In the phenomenon I mentioned, they aren't even hired out of fear that other companies think they are overqualified and offer a pay raise.
@vzn So companies should always hire PhDs over undergraduates or masters degree holders?
 
vzn
11:40 PM
so oce what are your long term plans? research? these considerations highly impinge on that.
 
That doesn't make very much sense.
 
vzn
youre putting words in my mouth. :(
 
user54412
vzn: Another piece of data I'd like is how much value a phd adds above the trait "selected for a phd program"
 
If I have an affine space (E,V,+) and an inner product defined on $V$ what's the point of the inner product? Does it give me any information about the elements of E?
 
@vzn UT had a 100 percent job rate last year for those who didn't want to go to a PhD program. I have no clue where I'll land up.
 
user54412
11:41 PM
There was a study in Princeton a while back to see the value added for getting an undergrad degree here vs. elsewhere, considering the same population of students (those admitted to Princeton) -- turns out the answer is "not much"
 
@vzn I apologize. What do you propose?
 
vzn
oce dont have a (soundbite) answer/ solution, its a very deep issue. "noticing"/ acknowledging it is a good place to start...
 
@StanShunpike The inner product is just a (canonical) map from the vector space to the complex numbers.
 
vzn
CW that study sounds like trying to quantify the value of an elite school (princeton) wrt later (post edu) salaries... which is a similar challenge...
 
@0celo7 so there's nothing more to it than that. Okay.
 
11:45 PM
@StanShunpike The inner product could be a map into the field over which you define the affine space. Note that $\mathbb{C}-\{0\}$ is just the most popular choice for the field.

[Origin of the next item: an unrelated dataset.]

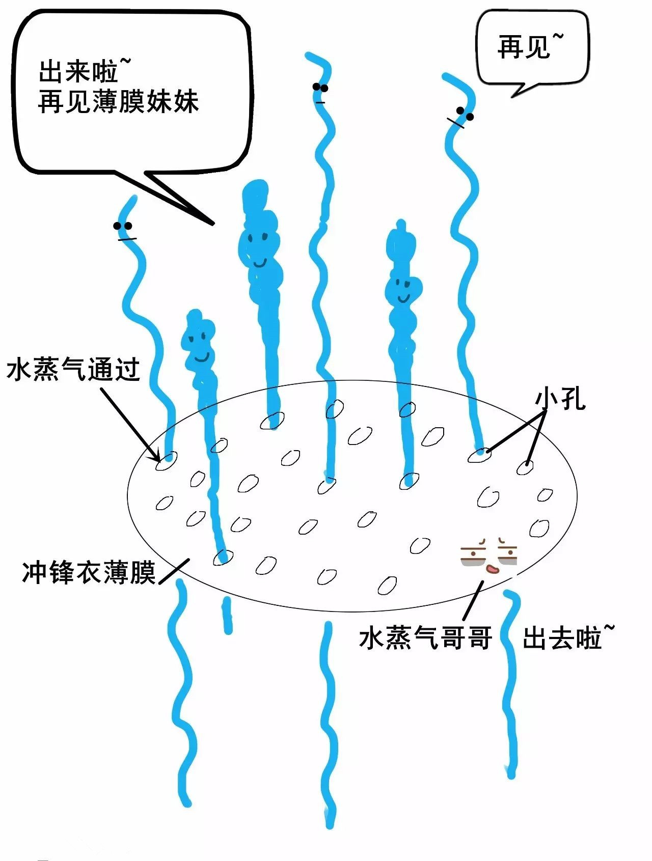 2)因?yàn)樗魵獗人樾『芏啵魵夂芗?xì)小,可以鉆過沖鋒衣薄膜的小孔排出。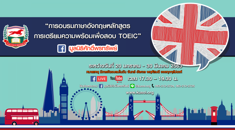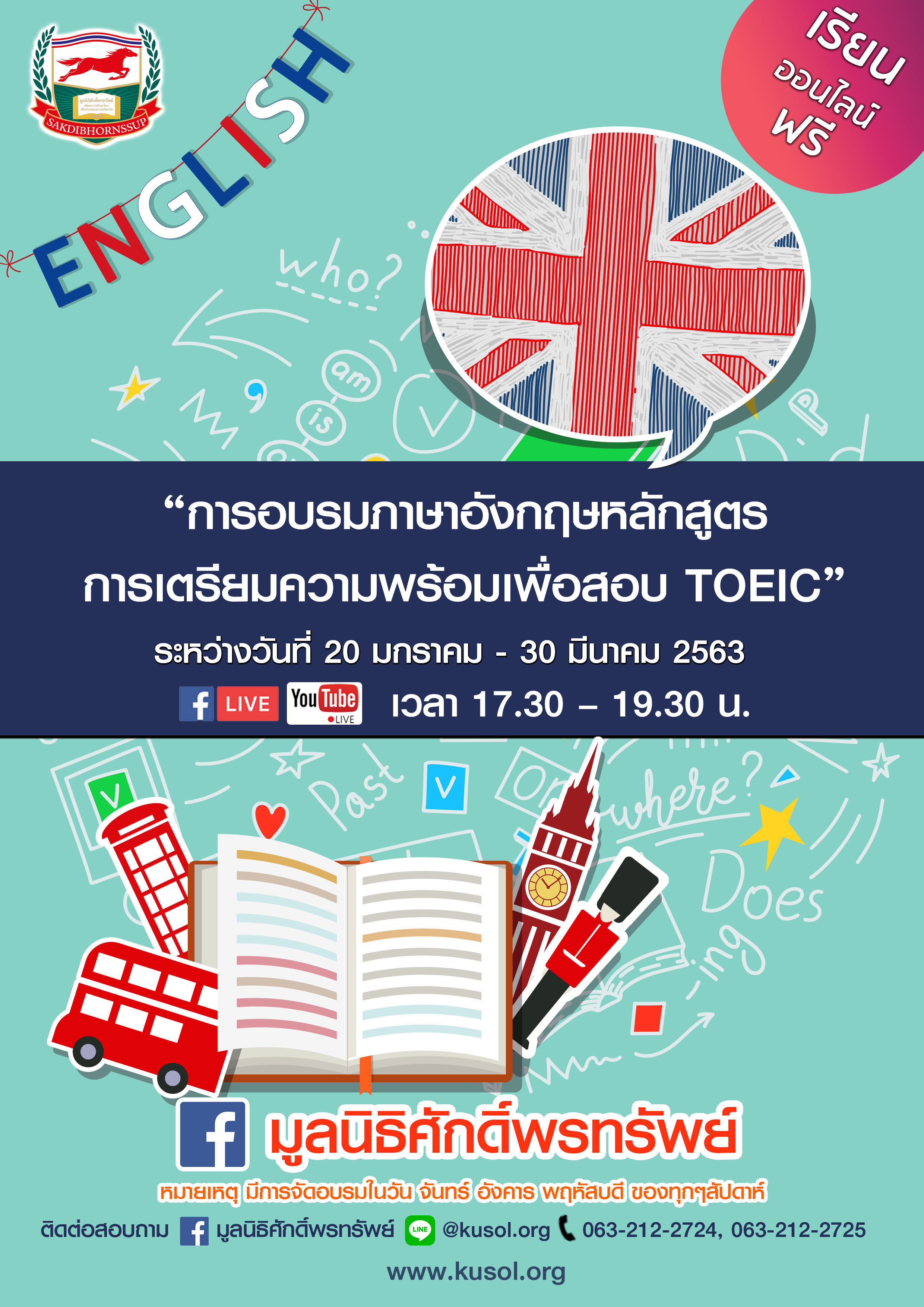 ข่าวประชาสัมพันธ์ “การอบรมภาษาอังกฤษหลักสูตร การเตรียมความพร้อมเพื่อสอบ TOEIC” January 20, 2020January 20, 2020 kusol admin รับชมผ่านช่องทาง youtube Live 👉👉คลิก เพจ facebook Live 👉👉 มูลนิธิศักดิ์พรทรัพย์

@StanShunpike Now that I think about it...I'm not sure affine spaces have an inner product. Perhaps I'm misremembering what an affine space is. What does $(E,V,+)$ mean?
 
vzn
re going to the moon, last massive US natl science program....
yesterday, by tpg2114
@StanShunpike It had nothing to do with realism and everything to do with beating the communists
(speaking of communism lol)
 
@ChrisWhite In what sense do you mean "value added"? Expected lifetime pay Bachelor's vs PhD, or from the company's perspective?
 
user54412
@alarge Both. The company will pay a certain premium to draw employees from a pool of people with less risk of being failures at the job. So it's a statistical value from the company's perspective, which translates to a real pay increase for the phd.
 
user54412
I just don't know how big an effect this is.